The following data has a line with "Autographed MIKE MUSSINA" and a line with "Mai jos vă prezentăm". Write out exactly those lines and all the lines between them.

● **DATASET RECORDS**
┌────────
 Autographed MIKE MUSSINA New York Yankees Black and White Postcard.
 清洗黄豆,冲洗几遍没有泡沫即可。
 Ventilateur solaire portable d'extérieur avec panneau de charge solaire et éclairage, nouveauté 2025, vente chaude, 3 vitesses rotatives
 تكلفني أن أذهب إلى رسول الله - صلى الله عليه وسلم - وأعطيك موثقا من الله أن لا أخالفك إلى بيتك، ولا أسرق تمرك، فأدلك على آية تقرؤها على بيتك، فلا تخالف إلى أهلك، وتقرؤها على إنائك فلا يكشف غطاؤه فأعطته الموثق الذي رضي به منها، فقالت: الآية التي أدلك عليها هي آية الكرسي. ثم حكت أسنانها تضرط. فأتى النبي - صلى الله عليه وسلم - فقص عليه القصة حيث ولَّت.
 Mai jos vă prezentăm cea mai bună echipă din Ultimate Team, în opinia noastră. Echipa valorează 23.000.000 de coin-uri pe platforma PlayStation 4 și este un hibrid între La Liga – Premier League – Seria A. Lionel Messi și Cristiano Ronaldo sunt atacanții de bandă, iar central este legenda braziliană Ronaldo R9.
└────────
┌────────
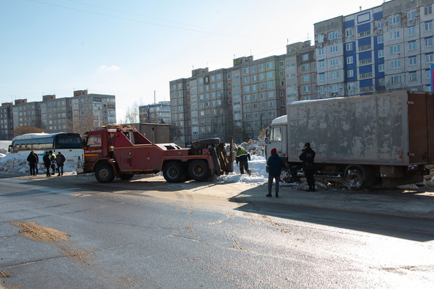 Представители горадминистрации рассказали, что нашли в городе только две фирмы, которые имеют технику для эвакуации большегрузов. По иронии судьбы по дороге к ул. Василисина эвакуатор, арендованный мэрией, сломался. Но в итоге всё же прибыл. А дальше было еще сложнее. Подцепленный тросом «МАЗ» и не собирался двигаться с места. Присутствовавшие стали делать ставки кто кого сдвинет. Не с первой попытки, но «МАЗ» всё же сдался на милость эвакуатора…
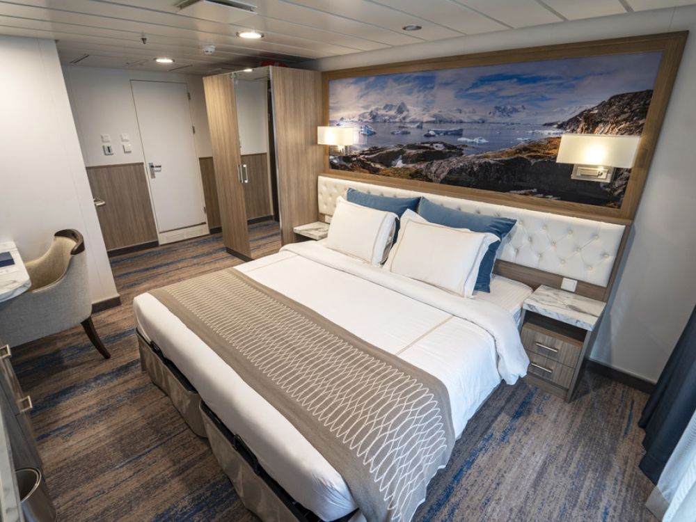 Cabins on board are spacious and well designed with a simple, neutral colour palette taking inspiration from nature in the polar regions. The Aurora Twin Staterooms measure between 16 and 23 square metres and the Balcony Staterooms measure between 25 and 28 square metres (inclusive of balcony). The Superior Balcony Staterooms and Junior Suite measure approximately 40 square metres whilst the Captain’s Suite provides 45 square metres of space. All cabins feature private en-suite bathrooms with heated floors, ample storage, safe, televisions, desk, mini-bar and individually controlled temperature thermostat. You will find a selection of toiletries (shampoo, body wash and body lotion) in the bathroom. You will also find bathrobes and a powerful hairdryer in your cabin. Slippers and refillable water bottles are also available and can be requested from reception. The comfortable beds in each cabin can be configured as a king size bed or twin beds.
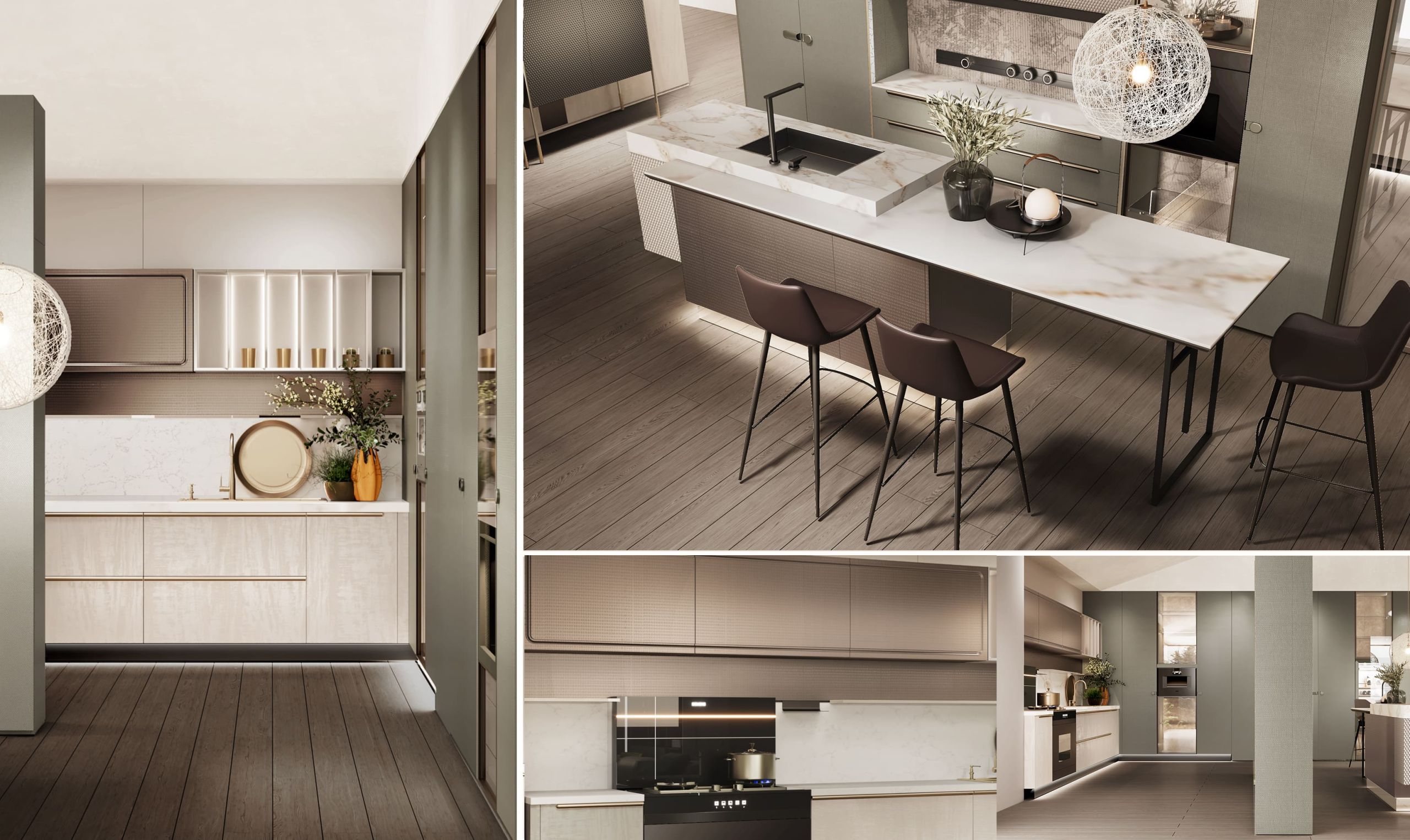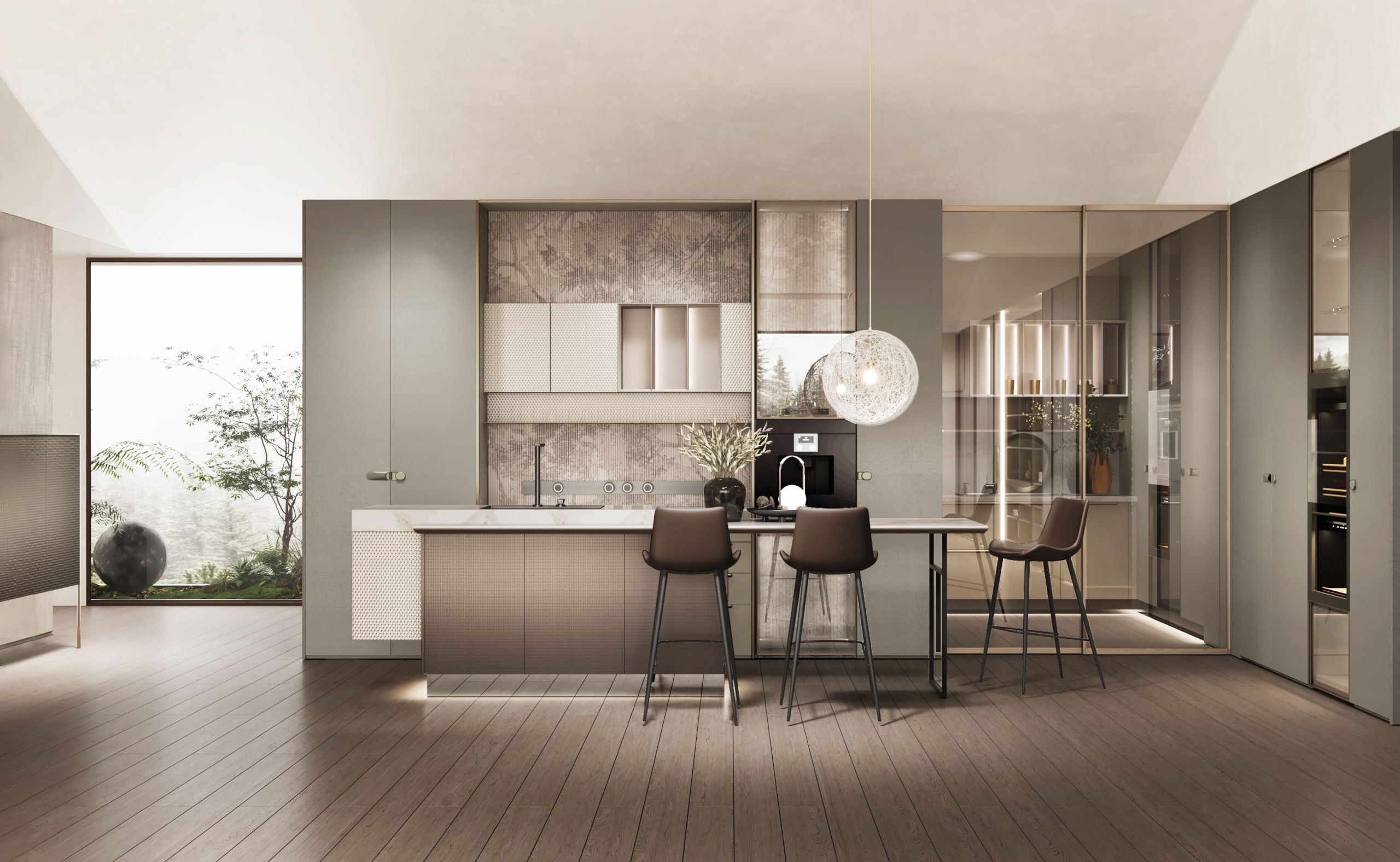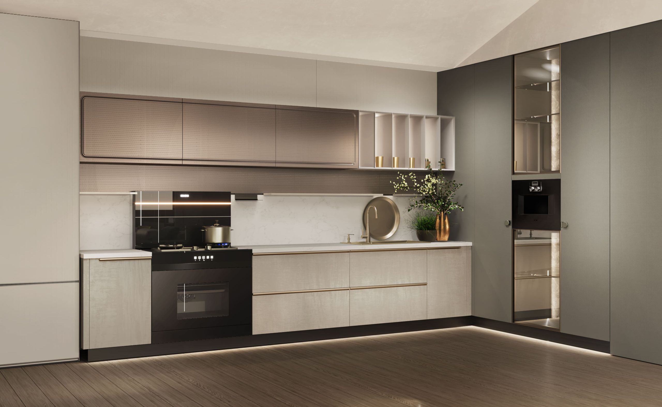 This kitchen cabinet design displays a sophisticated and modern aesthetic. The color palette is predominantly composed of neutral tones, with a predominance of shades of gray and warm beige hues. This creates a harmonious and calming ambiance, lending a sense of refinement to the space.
└────────
┌────────
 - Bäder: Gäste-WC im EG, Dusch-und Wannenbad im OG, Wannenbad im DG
└────────
● **TASK OUTPUT**
 Autographed MIKE MUSSINA New York Yankees Black and White Postcard.
 清洗黄豆,冲洗几遍没有泡沫即可。
 Ventilateur solaire portable d'extérieur avec panneau de charge solaire et éclairage, nouveauté 2025, vente chaude, 3 vitesses rotatives
 تكلفني أن أذهب إلى رسول الله - صلى الله عليه وسلم - وأعطيك موثقا من الله أن لا أخالفك إلى بيتك، ولا أسرق تمرك، فأدلك على آية تقرؤها على بيتك، فلا تخالف إلى أهلك، وتقرؤها على إنائك فلا يكشف غطاؤه فأعطته الموثق الذي رضي به منها، فقالت: الآية التي أدلك عليها هي آية الكرسي. ثم حكت أسنانها تضرط. فأتى النبي - صلى الله عليه وسلم - فقص عليه القصة حيث ولَّت.
 Mai jos vă prezentăm cea mai bună echipă din Ultimate Team, în opinia noastră. Echipa valorează 23.000.000 de coin-uri pe platforma PlayStation 4 și este un hibrid între La Liga – Premier League – Seria A. Lionel Messi și Cristiano Ronaldo sunt atacanții de bandă, iar central este legenda braziliană Ronaldo R9.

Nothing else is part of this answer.